The tide is turning on tactical managers in favour of fundamentals, says GAM’s Anthony Lawler
Anthony Lawler, portfolio manager at GAM, says that hedge fund investors driven by fundamentals could do better than those driven by tactics in the area of European equity.
For European equity long/short hedge funds 2012 was a challenging year.
Shocks to markets – whether from policy, fear or sentiment – proved particularly challenging for fundamental bottom-up managers. Given numerous reversals in market direction and regular bouts of volatility, the environment has been suited to tactical managers with a greater emphasis on top-down analysis.
However, we believe the out-performance of nimble traders over fundamental traders could reverse in the medium to long term, amid a rise in global market stability.
The ECB has taken up the mantle of buyer of last resort for European sovereign bonds, while core Europe seems closer to accepting an open-ended burden sharing of peripheral debt. With the addition of QE3 from the Federal Reserve in the US, the probability of a more stable macro policy backdrop seems to have improved markedly.
For the fundamental investors it is policy framework stability, not growth rates, that matters.
In addition, European equity valuations are attractive. Europe is about as cheap as it has been for thirty years. Many European-listed equities are industry leaders with revenues sourced globally, yet they trade at a steep discount to similar global competitors listed in the US.
The magnitude of recent European equity underperformance is so significant that if a reversal or mean reversion were to happen, it could result in a substantial rally.
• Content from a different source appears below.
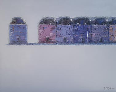 世界で活躍する韓国のアーティスト金明植は、2000年単身ニューヨークに渡った際、コーヒーショップの窓の外を通り過ぎて行く様々な人種と、車窓から見たマッチ箱の様な家々を見て、家をモチーフとして描く「East Side Story」シリーズの制作を始めた。家は人間にとって最も安息できる場所であり、その家と様々な人種が一体化したかのような一連の作品には、そこに暮らす人々の喜び、悲しみ、そして多様な人種が平和に暮らす世界への希望が込められている。常に太陽が昇る「東側(East Side)」を、希望と祈りの象徴としてシリーズ名に冠した。古希を迎える氏の記念となる本展では、アメリカ、日本、そして韓国、3つの時代を回想し制作した新作40点を展示いたします。どうぞご期待ください。

The outlook for European equities is also attractive from a technical perspective, with the market relatively under-owned by global investors following outflows in 2012 totalling more than $20 billion, versus only $2.4 billion in outflows for U.S. equities.
While the growth outlook will likely be challenging in Europe for the foreseeable future, hybrid fundamental investors in particular – those fundamentally focused but nimble enough to reposition quickly if eurozone stability weakens materially – could be the winners.
Given attractive valuations and lower policy risk to the sovereign debt crisis, European equities could be less susceptible to political shocks and short-term reversals. The winds are changing and we see this as positive for fundamental European equity hedge managers.